What are preventive services?
- Preventive care helps to keep you from getting sick in the first place. The ACA makes it easier for you and your family to get preventive care so you can stay healthier and on top of things.
- All Healthcare Insurance Marketplace plans must cover an extensive list of preventive services at no cost to you. Preventive Services are routine healthcare that includes screenings, check-ups and patient counseling to prevent illness and disease. Examples of preventive services are mammograms, colonoscopies, blood pressure screenings, many vaccines and important screenings for cancer, diabetes and more.
What is guaranteed coverage?
- Guaranteed coverage means that everyone can buy health insurance. Before the new health care law, millions of Americans could not get health insurance because they had a pre-existing condition.
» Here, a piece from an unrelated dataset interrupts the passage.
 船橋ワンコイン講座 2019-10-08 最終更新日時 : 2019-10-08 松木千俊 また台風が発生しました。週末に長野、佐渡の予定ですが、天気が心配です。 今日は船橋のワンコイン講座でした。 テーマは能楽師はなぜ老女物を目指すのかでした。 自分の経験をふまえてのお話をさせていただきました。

Pre-existing conditions could include many physical and mental health illnesses or injuries (even if they were in the past), being pregnant or being born with a disability.
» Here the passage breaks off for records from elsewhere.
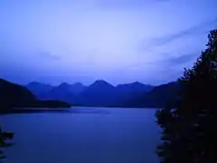 Lake Wolfgang[1][2][3] (German: Wolfgangsee) is a lake in Austria that lies mostly within the state of Salzburg and is one of the best known lakes in the Salzkammergut resort region. The municipalities on its shore are Strobl, St. Gilgen with the villages of Abersee and Ried as well as the market town of St. Wolfgang in the state of Upper Austria. The town and the lake are named after Saint Wolfgang of Regensburg, who, according to legend, built the first church here in the late 10th century.
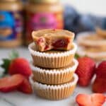 - Fill and swirl: Spoon the peanut butter mixture into each liner filling them up. Then place about 1/4 teaspoon of strawberry jam on top of each cup. Using a toothpick or sharp knife, gently swirl the jam into the peanut butter to create a marbled effect.
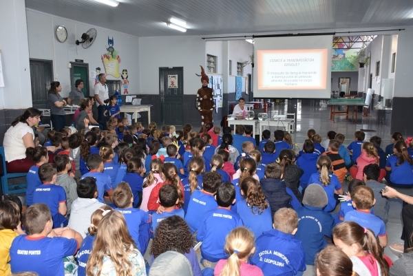 Teve início na manhã de hoje (19) e continuará à tarde uma importante ação contra a dengue em Quatro Pontes. A iniciativa engloba palestras e passeatas promovidas pela Secretaria de Saúde, por intermédio das agentes de endemias, com todos os alunos da Escola Municipal Dona Leopoldina, mediante apoio da Secretaria de Educação, Cultura e Esportes.

- Now you can buy health insurance no matter what the health problems you have now or have had in the past. Health insurance companies are not allowed to refuse to sell you insurance or charge you higher fees because you are sick now or have been in the past. The guarantee means you can buy health insurance.
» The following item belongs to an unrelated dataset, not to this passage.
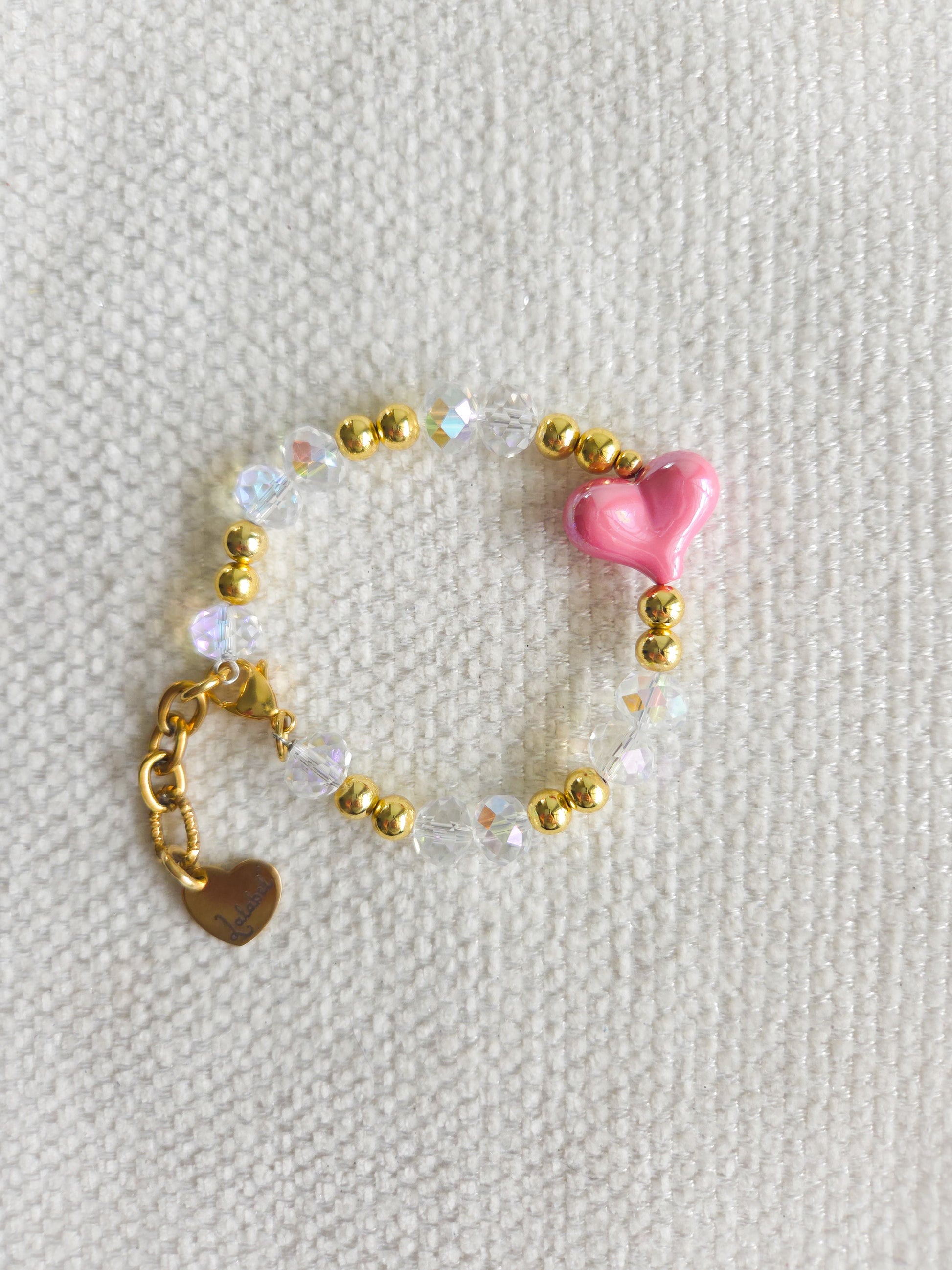 Candy Heart Dream is a joyful composition of glossy acrylic heart charms, soft candy-toned hues, and subtle sparkle. Designed to feel expressive and lighthearted without losing its polish, this piece brings color, shine, and a sense of nostalgia into a refined, wearable form.

- Guaranteed coverage does not apply to newly available Short-Term Plans, which do not need to comply with the consumer protections included in the ACA. These plans are only sold outside of the Marketplace and do not meet “Minimum Essential Coverage”.
Is dental or vision care available through the Marketplace?
- Dental and vision coverage is an essential health benefit, primarily for children. This means it must be available to your children as part of a health plan purchased through the Marketplace.
- Health plans are not required to offer dental or vision benefits to adults. However, there will be some health insurance options that do include dental and vision coverage for adults.
- Through the Marketplace, you’ll be able to see which plans include dental and vision when you compare the benefits and prices. If a health plan includes dental and vision coverage, you will pay one single monthly premium for everything under that health plan.
- In some cases, stand-alone dental and vision plans will be offered. You may want to choose this option in addition to the health insurance plan you select if this makes more sense for you and your budget. If you choose a separate dental or vision plan, you’ll pay a separate, additional premium for those plans.
What if I’m pregnant or plan to get pregnant?
Pregnancy is no longer considered a pre-existing condition, so you’ll have guaranteed coverage. All plans offered through the Healthcare Insurance Marketplace cover pregnancy and childbirth, as well as breast-feeding support and supplies and infant care. If you get a health plan through the Marketplace, coverage for your pregnancy and baby care can start as soon as January 1, 2024. You can apply as soon as November 1, 2023. Outside of open enrollment, once the baby is born you may apply for health insurance through the Marketplace under a Special Enrollment Period. Medicaid is also an important source of health coverage for many low-income pregnant women, and if you are eligible, you can enroll at any time.